It’s been about 7 months since I left Turf Valley and all the amazing people at the Patient Safety Conference.  Not many days have passed that I haven’t thought about my experience, the lessons we learned together or about the larger issue of quality and safety. You really would be hard pressed to go through a day of medical training without encountering something we could make better, safer or be more transparent about. Sadly it’s still a topic that struggles to find its way into our medical curriculums. The week of shared passion in Turf Valley around safe quality care is something I will always carry with me, but I only wish it was a passion I could spread more easily. We have a long way to go before the curriculums everywhere are turned on their heads to reflect the flat hierarchies, transparent communication and error reporting that we so desperately need to instill in our future physicians. I’ve found great opportunities and outlets to discuss my newfound passion and I know the growing group of Telluride Alumni will only serve to spread these messages even further.

Today in particular I am reminded on the importance of quality care of transparent communication and medical errors. In the same 7 months since I left the conference my grandfather has been struggling with constant symptoms that seem obviously to point to a bladder or prostate cancer. Following along as a family member I can see the frustrations our systems causes. He’s a sharp guy and my family is well educated – though not medical professionals – and still everyone (myself included) has been confused through the entire journey. Assured it was a bladder infection he pressed on through several rounds of antibiotics eventually undergoing a bladder scope and further blood testing. All the while never informed of any possibility beyond a unitary tract infection. He encountered physicians in the hospital and outpatient setting nearly a dozen times throughout these months. The communication and hand off between doctors was poor, the system was muddled with confusion and communication was nonexistent . Its something that seems like it would be so easy to handle, especially as a medical student. It’s not. It’s not easy in any way for the patient, for the family, I don’t think it’s even an easy system for the physicians to function in.
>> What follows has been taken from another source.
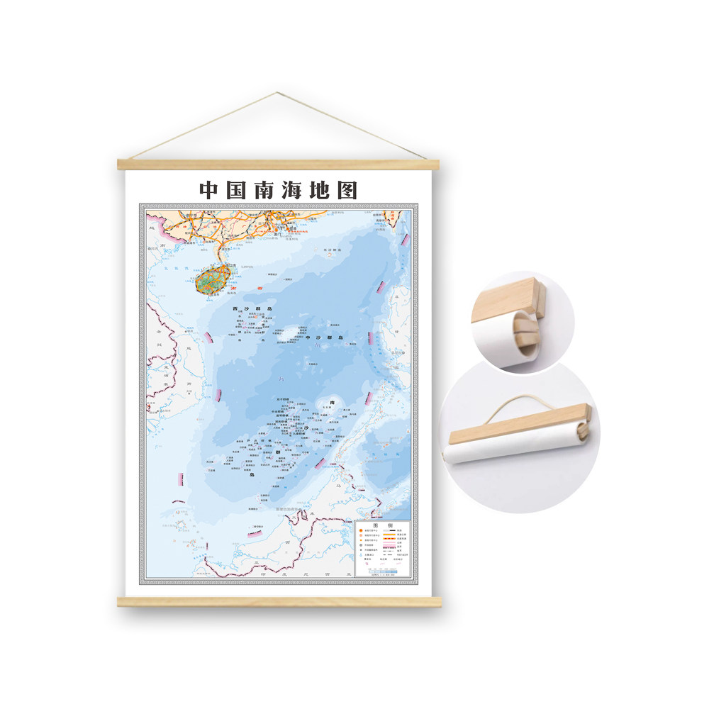 新版南海地图实木挂画中国书房地理办公室餐厅教室走廊装饰画墙画

After 4 rounds of attempting to treat the symptoms as a UTI, after an X-ray, a scope and multiple sets of blood work and still no answers we switched providers. A repeat of the initial scope revealed a very high grade anterior prostate cancer – understandably missed by routine screening but unforgivably missed by 7 months of encounters with the healthcare system. Seven months of taking pills, having side effects, of changing his lifestyle, of making appointments, of collecting medical bills and finally a repeat of a test that was initially done months prior reveals the diagnosis that should have been obvious all along. How can we do so poorly? It’s no one physicians fault, but we have a bad system. We do not communicate well, we do not follow patients well and we just don’t always take good care of people. It terrifies me that I am working my way towards a career in a system that does such a poor job at times, because I – like the others before me – only want to do the best to treat my patients in the best possible way. I won’t let it terrify me though, rather inspire me to do better, to communicate, to listen, to speak up, to find and learn from errors. I will do better.